1Biology Department, College of Education, Salahaddin University, Kirkuk Road, Erbil, Kurdistan Region, Iraq 44001; 2Environmental Chemistry, Joseph Black Building, Glasgow University, Glasgow G12 8QQ, Scotland, UK.
*Correspondence | Dara Jaff, Biology Department, College of Education, Salahaddin University, Kirkuk Road, Erbil, Kurdistan Region, Iraq 44001; Email: d95uk@yahoo.co.uk
ABSTRACT
Barley genotypes selected by farmers or breeders for dry climates need to cope with wide variation in rainfall from year to year. Vigorous vegetative growth is needed for yield when drought terminates growth early, but this character can lead to lodging in years with above average rainfall.

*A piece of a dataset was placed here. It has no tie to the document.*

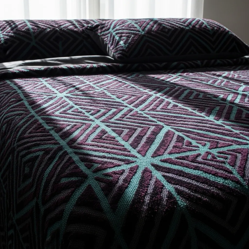 For a cleaner, more contemporary look, use geometric patterns to tie the palette together. A large area rug with intersecting purple and teal lines or shapes defines the space. You can then pull those colors up onto the bed with patterned shams or a graphic blanket.

Barley cultivars and landraces bred adapted to these conditions have thinner straw than higher-yielding cultivars adapted to more favourable growing conditions and may lodge in a different way. Using straw dimensions and material properties derived from Kurdish landraces of barley, a finite element model of lodging straw under wind and gravity loading was constructed. Bending moments due to gravity and wind were explicitly calculated. For the thin-strawed landrace phenotypes, as lodging progressed, gravity became the dominant influence. The model was used to prioritise different straw parameters that influence lodging. Increasing straw diameter was the most promising way to improve resistance to lodging, since diameter showed more variation than straw length and gave greater gains in stiffness than increasing the longitudinal modulus of the straw material.